4.3.3 WADC and Article 4.3.3 ADR which state the following:

“WADA’s determination of the Prohibited Substances and Prohibited Methods that will be included on the Prohibited List, the classification of substances into categories on the Prohibited List, and the classification of a substance as prohibited at all times or In-Competition only, is final and shall not be subject to challenge by an Athlete or other Person based on an argument that the substance or method was not a masking agent or did not have the potential to enhance performance, represent a health risk or violate the spirit of sport”.

74. Consistent CAS jurisprudence confirms that accordingly the Appellant’s challenge must be rejected in limine, see e.g. CAS OG 06/001, paras 4.7 and 4.8; CAS 2005/A/921, award dated 18 January 2006, para 42; CAS 2005/A/726, para 2.4.

“The Appellant was not aware that 1,3 Dimethylamylamine was synonymous to MHA”

75. The Appellant argues that 1,3 Dimethyamylamine was not listed in the WADA “app” and that he did therefore not realise that Executioner contained a prohibited substance. He sought to rely on a report dated 30 September 2016 from Michael J. Coyer, a Forensic Toxicologist, belatedly submitted on 5 October 2016 the gist of which was that, as a layman not a chemist the Appellant could be excused for not appreciating that the ingredients on the label of Executioner indicated that it contained MHA.

76. The Panel rejected the report on the grounds of lateness and also that Dr. Coyer’s field of expertise i.e. forensic toxicology did not extend to the issue (name recognition) on which he purported to pronounce.

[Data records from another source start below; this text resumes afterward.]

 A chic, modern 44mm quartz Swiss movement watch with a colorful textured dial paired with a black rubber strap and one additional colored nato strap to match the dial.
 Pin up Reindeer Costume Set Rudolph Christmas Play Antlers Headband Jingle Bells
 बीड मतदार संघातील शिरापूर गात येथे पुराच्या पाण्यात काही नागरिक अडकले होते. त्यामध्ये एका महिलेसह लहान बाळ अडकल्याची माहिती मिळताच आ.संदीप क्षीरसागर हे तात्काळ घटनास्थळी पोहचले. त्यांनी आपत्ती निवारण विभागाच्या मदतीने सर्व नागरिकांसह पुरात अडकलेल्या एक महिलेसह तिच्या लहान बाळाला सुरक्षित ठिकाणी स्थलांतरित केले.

77. For a variety of reasons the Panel in any event is compelled to reject the argument that the Appellant’s lack of awareness was excusable:

(i) The label of Executioner does not only refer to 1,3 Dimethylamylamine but also to Geranium Oil which is a popular name for MHA. (ii) Moreover, the entry of “1,3 Dimethylamylamine” in any internet search engine leads the inquirer to the information on various websites that this is synonymous with MHA and that it is a prohibited substance. (iii) USADA has repeatedly warned athletes from taking dietary supplements because of the risk that they may contain prohibited substances. In particular, the Supplement 411 of USADA, easily accessible on the internet, contains clear warnings and recommendations. It refers to the various names under which a prohibited substance in general and MHA in particular may be labelled on a dietary supplement. (iv) (a) The name and look of the product Executioner, (b) the label referring to “Insane Energy” that is provided by the ingredients, (c) the way in which the product is advertised (“Kill every workout”), (d) the fact that the producer of Executioner, Killer Labz, also offers products containing testosterone and other prohibited substances, (e) and the explicit warning that the label information has not been evaluated by the Food and Drug Administration are the reddest of red flags to any athlete.

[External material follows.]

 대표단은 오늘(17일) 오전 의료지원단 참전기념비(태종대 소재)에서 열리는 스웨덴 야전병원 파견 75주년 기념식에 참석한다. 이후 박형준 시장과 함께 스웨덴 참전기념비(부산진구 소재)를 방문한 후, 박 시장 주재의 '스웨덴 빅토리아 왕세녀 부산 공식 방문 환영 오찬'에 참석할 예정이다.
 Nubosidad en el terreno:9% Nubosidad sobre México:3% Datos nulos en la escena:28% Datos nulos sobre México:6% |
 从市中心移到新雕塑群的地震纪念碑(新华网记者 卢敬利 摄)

78. In the Panel’s view, the Appellant’s restriction of his research to the WADA app was woefully inadequate given the variety of other sources of information readily available to him (like for example from the consultation of a doctor and/or a physician and/or his sporting federation) and cannot justify any reduction in the stipulated sanction on the grounds of no fault or no significant fault.

79. Given the expiry of the period of ineligibility imposed by the Decision, the Appellant’s surviving purpose in pursuing this Appeal was to clear his name. The Panel acknowledges that he is not a drug cheat in the sense of someone who intentionally sought to enhance his sporting performance by use of a prohibited substance. However, even given his relative lack of experience in international competition and doping control (which the Panel recognizes) he fell far short (as even he himself conceded in his oral testimony) of standards of due diligence required of the modern athlete.

ON THESE GROUNDS

The Court of Arbitration for Sport rules that:

1. The appeal filed by Mr. Dorian Willes on 2 September 2016 is dismissed.

(…)

5. All other motions or prayers for relief are dismissed.